Now both Nina and Baxter have very eloquently talked in past posts about meditation, stress reduction, and anxiety management. What I am talking about is different. It is the need or compulsion to be in motion from the time that I wake up till the time I go to bed. I am not the type of person that can “do nothing.” My husband is very good at this activity and often can’t understand why I can’t “just sit down and rest.” This inability to stop motion gets translated too often into my daily asana practice. It is not a frenetic obsession with activity but the time-honored adage: “you don’t rest until all your work is done.” This mind set is very pre-industrial agrarian age when farm work was never done because there always was something more.
But in our computer age with so many technological tools to assist us the busy work really doesn’t stop unless you make yourself stop. It is the same with housework or caring for your family. There never is an end to the work that must be done unless it is your mindset that sets the limit.
So how does one set time aside for a daily practice and then decide what your practice should consist of? It is like do you eat dessert first or dinner? Complicate that with one’s own personality type, the type of yoga that you practice, and your time limitations. If you only have five minutes should you do a quick, one-time abbreviated sun salutation or should it be a Viparita Karani (Legs Up the Wall Pose?) Active vs. Passive. What to pick?
Now here is where the self-introspection comes in and the ability to look critically but without judgment at yourself. What do you feel like doing? Now that is also a very revolutionary question. Our days are filled with doing stuff that we really may not want to do but have to for many various reasons. But when we roll out our mat and give ourselves the gift to make this decision it is very powerful.
There are so many “shoulds” now associated with yoga. Do we do yoga for an external goal? Or is it internally driven? How do we learn to know what we need or what we want? I have learned through my many years of practice that sometimes the decision isn’t obvious and you have to search a little to find the solution.

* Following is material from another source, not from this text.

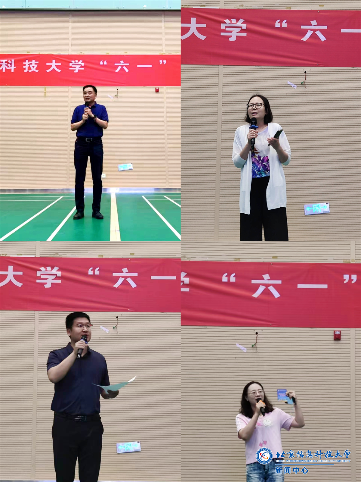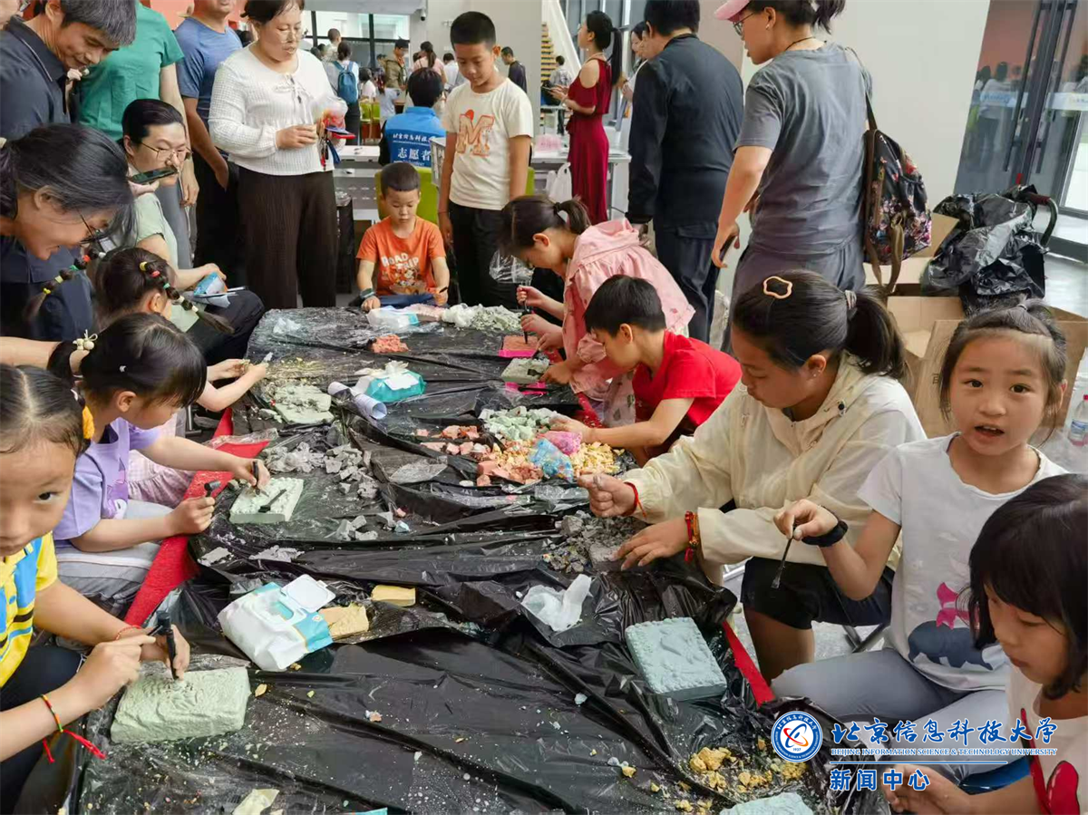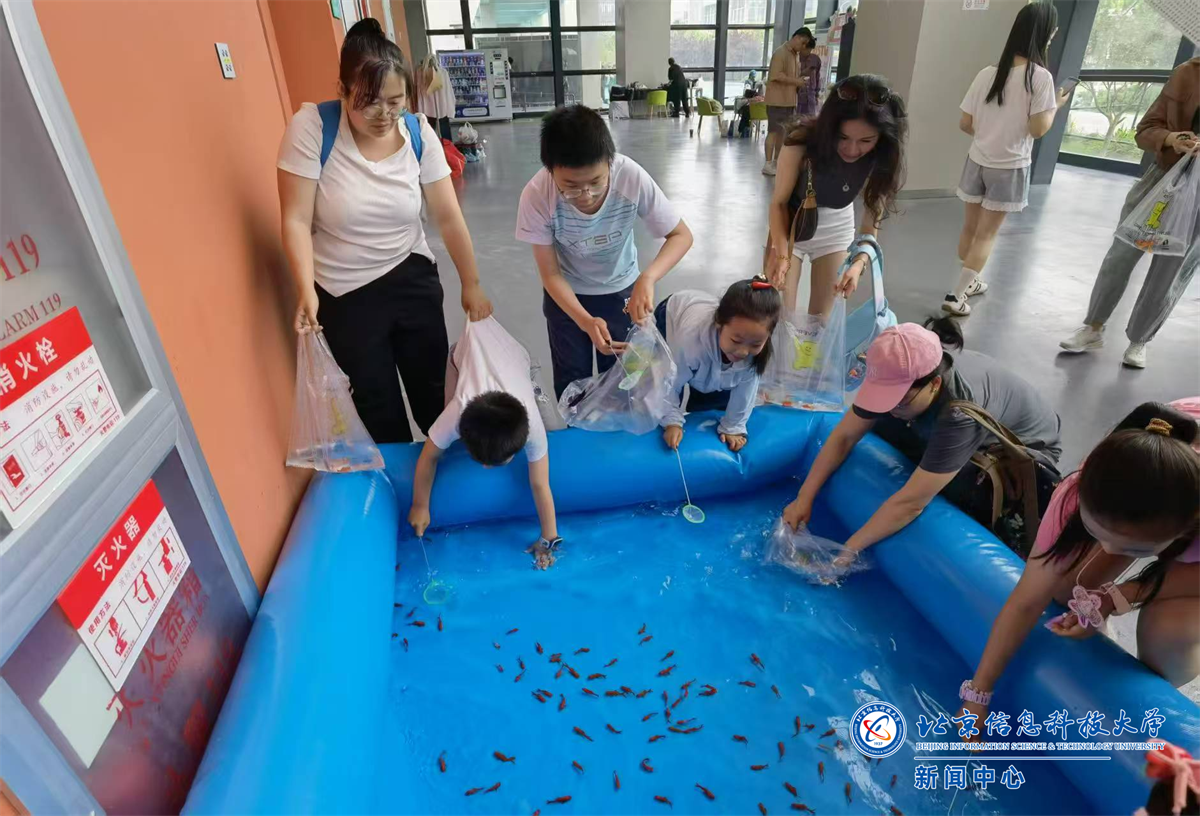 活动现场还邀请了比斯兔玩偶表演,可爱萌趣的玩偶造型深受小朋友喜欢,纷纷举着“我爱信息科大”、“欢度六一”等手幅合影。

When I start my practice, I will usually lie on my mat on my back with my knees bent and eyes closed for several breaths as I just check into how I feel that day. I tend to do my practice in the morning (after a 35-minute aerobic treadmill walk and shower), so that is my stiffer time of day even after my own warm up. I might have a vague thought that “oh it is forward bends this week” but that isn’t what I focus on.
I try to listen to how my hips are feeling, or my low back or shoulders, and so on. It always starts on the physical plane. As I start my warm ups (I tend to do a 30-minute practice), I generally try to target those areas in my own body that may be chronically stiff. After my warm up I always do some standing poses. Standing poses can be made challenging by either moving through them quickly or more methodically when one is paying attention to the orchestration of movement. Observing one’s body unfold into and out of an asana is not only mentally engaging but it is a period of immense gratitude.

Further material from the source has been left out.